Tool Environments

Each tool in proto_tools runs inside its own isolated environment, managed by micromamba. On a tool’s first invocation, the library detects the host hardware, resolves the tool’s dependencies, installs them into a dedicated environment under $PROTO_HOME/proto_tool_envs/, and executes the tool there. Subsequent invocations reuse the cached environment and proceed directly to execution. Because each tool is confined to its own environment, tools with mutually incompatible dependencies can be used together from a single Python program. One tool may require PyTorch 2.1 and another PyTorch 2.4, or one may pin an older Python release and another the most recent; the conflicting requirements never coexist in one environment, and no manual environment management is required. Open as a runnable notebook

The problem it solves

Computational biology tools are difficult to install alongside one another. AlphaFold3 requires a build of JAX targeting a specific CUDA version; ESM2 expects a particular release of PyTorch; BLAST is a system binary that must be available on the executable search path; RFdiffusion pins a specific Python version; and each tool stores its model weights in a different location. Installing several of them into a single environment frequently produces unresolvable dependency conflicts. The conventional solution is to maintain a separate Conda environment per tool and to activate the appropriate one before each run. proto_tools instead provisions and manages a dedicated environment for each tool automatically. Because no two tools share an environment, their conflicting requirements never interact.

Your script calls into proto_tools, which dispatches each tool into its own isolated environment

Contents of an environment

Each environment resides at $PROTO_HOME/proto_tool_envs/{tool_key}_env/ and is fully self-contained. It comprises an isolated Python interpreter pinned to the version the tool requires; the tool’s dependencies, resolved as hardware-appropriate package builds (for example, the CUDA build matching the available GPU, or a CPU-only build on a machine without one); and a local cache for the compiled extensions and just-in-time (JIT) artifacts produced at run time. Tools that provide a command-line binary, such as BLAST or MAFFT, have that binary installed into the environment, and any variables declared in the tool’s env_vars.txt file (for example, Hugging Face access tokens or backend selections) are applied automatically when the tool runs. Model weights are the sole component stored outside the environment. They reside separately under $PROTO_HOME/proto_model_cache/{tool_key}/ (configurable via PROTO_MODEL_CACHE), so that rebuilding an environment does not re-download large model checkpoints.

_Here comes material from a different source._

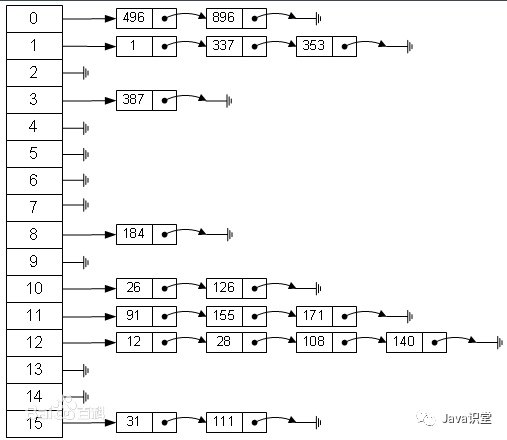 数据库一般采用除法散列的方法,即取k除以m的余数,将关键词k映射到m个槽的某一个去,即哈希函数为h(k) = k mod m,当发生冲突时,即两个关键字可能映射到同一个槽上,采用链接法,即以链表的形式保存冲突的关键字,和HashMap类似

First call vs. cached call

On the first invocation of a tool on a given machine, the library performs the complete setup procedure. It reads the tool’s standalone setup scripts, detects the host hardware (GPU availability, CUDA version, operating system, and processor architecture), and resolves a compatible dependency set, selecting the appropriate PyTorch or JAX build, the required Python version, and any necessary binaries. It then creates the isolated environment under $PROTO_HOME/proto_tool_envs/, installs the resolved dependencies, and executes the tool.

First call installs the env; subsequent calls reuse the cache

This setup cost is incurred only once. Every subsequent invocation finds the environment already present and proceeds directly to execution; setup is therefore a one-time cost per tool, per machine. The process can be observed by inspecting the environment directory. Before the first invocation it is empty, as no tool has yet required an environment:

python

import os

os.environ.setdefault("PROTO_HOME", os.path.expanduser("~/.proto"))
!ls $PROTO_HOME/proto_tool_envs/ 2>/dev/null || echo "(no tool environments yet)"

(no tool environments yet)

The following call invokes ESM2 for the first time. It uses the small esm2_t6_8M_UR50D checkpoint on CPU so that the example is reproducible on any machine. Because this first call builds the esm2_env environment before running the model, it takes considerably longer than the embedding computation alone:

python

from proto_tools.tools.masked_models.esm2.esm2_embeddings import (
    ESM2EmbeddingsConfig,
    ESM2EmbeddingsInput,
    run_esm2_embeddings,
)

# First call: builds the isolated environment, then runs inference.
output = run_esm2_embeddings(
    ESM2EmbeddingsInput(sequences=["MKTLLILAVVAAALA"]),
    ESM2EmbeddingsConfig(model_checkpoint="esm2_t6_8M_UR50D", device="cpu"),
)
print(f"Mean embedding dimension: {len(output.results[0].mean_embedding)}")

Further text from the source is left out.